As utterly anti-commercial as Cave’s script was, one could see how it would fit alongside Scott’s work in his post-Gladiator period, which seemed increasingly concerned with confronting faith. The director has described himself as an atheist, but his post-Gladiator output seems to be less against spirituality than against corrupt organized religion as films like Kingdom of Heaven, Robin Hood, and Exodus: Gods and Kings suggest. Prometheus and Alien: Covenant similarly place spiritual faith as equal to scientific knowledge, perhaps even marking it as more important. Those recent Alien movies also depict the divine originating away from human-adjacent creatures, whether it’s off-world Engineers or the incalculable intelligence of a sentient android.
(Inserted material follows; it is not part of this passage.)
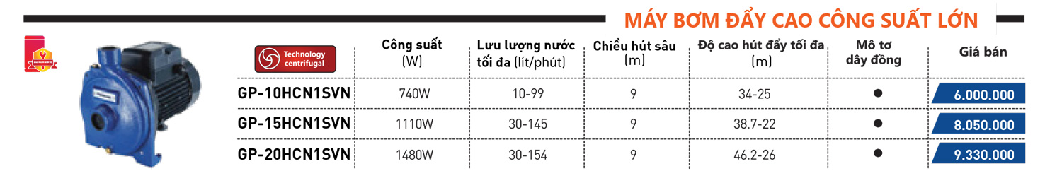 - Dòng máy bơm nước đẩy cao Panasonic có mã chữ cái đầu tiên là GP có công suất thiết kế: 125W, 200W, 250W, 350W, model mới 740W, 1100W, 1480W

Scott himself recently called the Christ-Killer script “bloody silly,” but Gladiator II does share some distant DNA with it. Cave’s script also revisited the Roman Colosseum with a naval battle in the flooded arena, where crocodiles replaced the final movie’s sharks. Scott also gives a more overt nod to one Cave idea he genuinely enjoyed: the moonlit shores of the river Styx where Lucius dreams of his dead wife’s soul. This provides a new, darker vision of the afterlife.
As epic as Maximus versus Jesus might have been, for all the bombast and pageantry a Ridley Scott sword and sandals already drama contains, perhaps Scott’s depiction of eternity doesn’t need its own competing storyline, with a large cast of gods and audience-fave characters like Maximus transformed into pawns for an evil, unwinnable forever war.
The emotional core of the Gladiator is a simpler, more universal story of grieving warriors where brief visions of the afterlife exist to remind the hero that he must fight for the concepts that represent the best of humanity: strength and honor, family and love.